Van Eijk is known for his Eurovision participation. In 1999 he won Melodi Grand Prix with the song "Living My Life Without You" thus gaining right to represent Norway at Eurovision that year. On stage he had dancer and singer Belinda Braza. At the Eurovision itself, which was held in Israel, he ended in 14th place, gaining 35 points. He is the first ever black man to represent Norway.

The album, Where I Belong, which was released the same year, went platinum (over 30,000 copies) and reached number 6 on the VG-list Top 40 in Norway. In 2000, he was named this year's male artist (Hit awards). In 2001, Stig also made a peace song for his mother country, Colombia.
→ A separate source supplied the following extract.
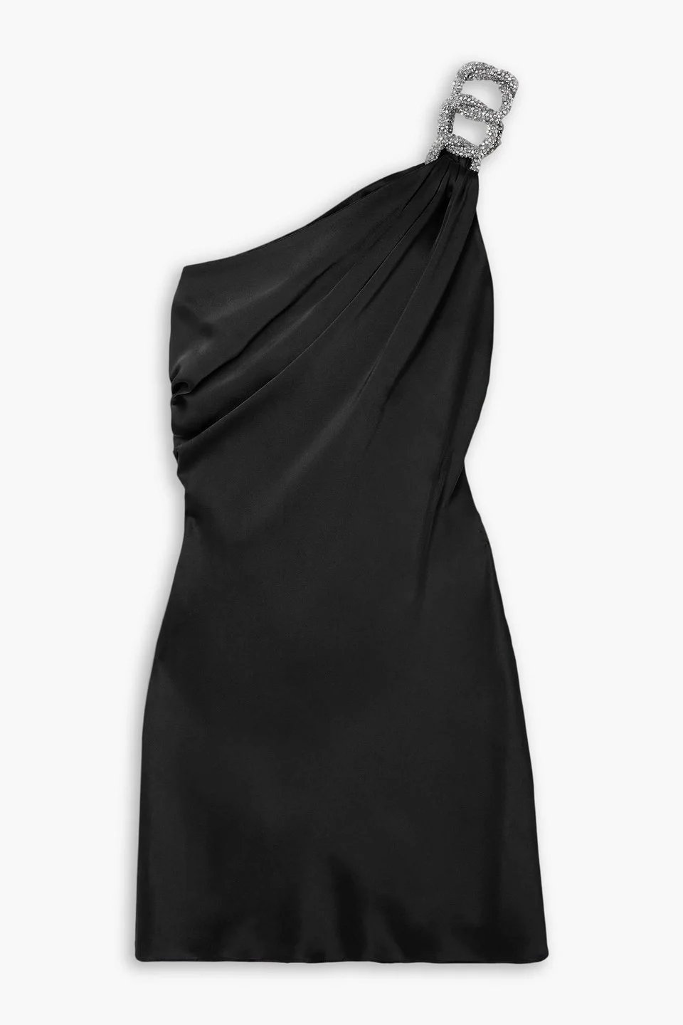 Falabella Crystal Chain Double Satin One-Shoulder Mini Dress

The song, "Constructors of Peace", was recorded with the symphony orchestra of Bogota, and he went there, performing the song on different concerts and television shows.

In 2001 Van Eijk opened «B: Underground Club» in Bergen. This club was a live concept with a house band playing reggae, soul and funk. In 2003, he made the song "Once In a Lifetime" that won "Idol" in South Africa, performed by Heinz Winckler. The song was a hit in South Africa and became double platinum (100,000 copies).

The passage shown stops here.